**RECORDS SUPPLIED**

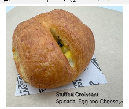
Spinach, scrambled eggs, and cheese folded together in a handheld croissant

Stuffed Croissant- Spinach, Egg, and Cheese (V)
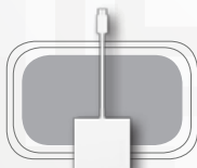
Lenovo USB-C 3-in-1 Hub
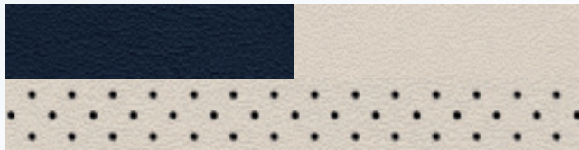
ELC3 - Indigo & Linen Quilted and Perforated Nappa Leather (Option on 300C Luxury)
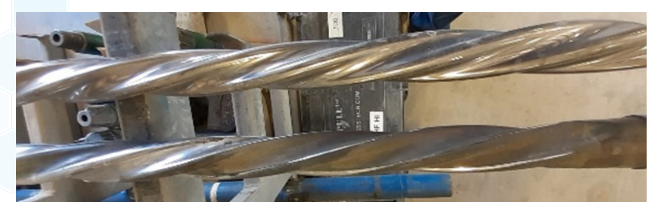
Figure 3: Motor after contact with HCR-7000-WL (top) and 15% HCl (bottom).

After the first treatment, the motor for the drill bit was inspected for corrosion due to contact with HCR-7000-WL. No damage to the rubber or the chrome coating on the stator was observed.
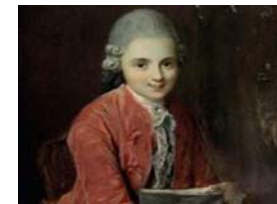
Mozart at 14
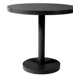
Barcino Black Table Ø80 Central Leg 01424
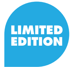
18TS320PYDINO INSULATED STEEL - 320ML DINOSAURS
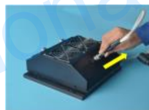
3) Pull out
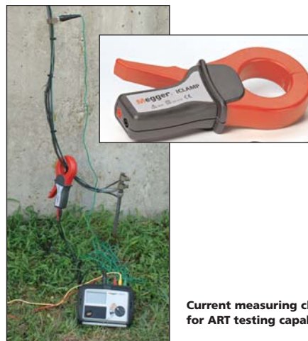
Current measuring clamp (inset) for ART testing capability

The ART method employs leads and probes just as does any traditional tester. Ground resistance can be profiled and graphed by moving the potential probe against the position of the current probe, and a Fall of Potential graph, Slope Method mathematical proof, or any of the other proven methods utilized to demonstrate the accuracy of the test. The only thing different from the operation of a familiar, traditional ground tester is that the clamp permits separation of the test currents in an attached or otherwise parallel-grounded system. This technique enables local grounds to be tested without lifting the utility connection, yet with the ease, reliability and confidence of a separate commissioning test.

**PROBLEM REQUIREMENTS**
What lines in the records above include the string "contact"? Copy each one.

**ANSWER AREA**
Figure 3: Motor after contact with HCR-7000-WL (top) and 15% HCl (bottom).
After the first treatment, the motor for the drill bit was inspected for corrosion due to contact with HCR-7000-WL. No damage to the rubber or the chrome coating on the stator was observed.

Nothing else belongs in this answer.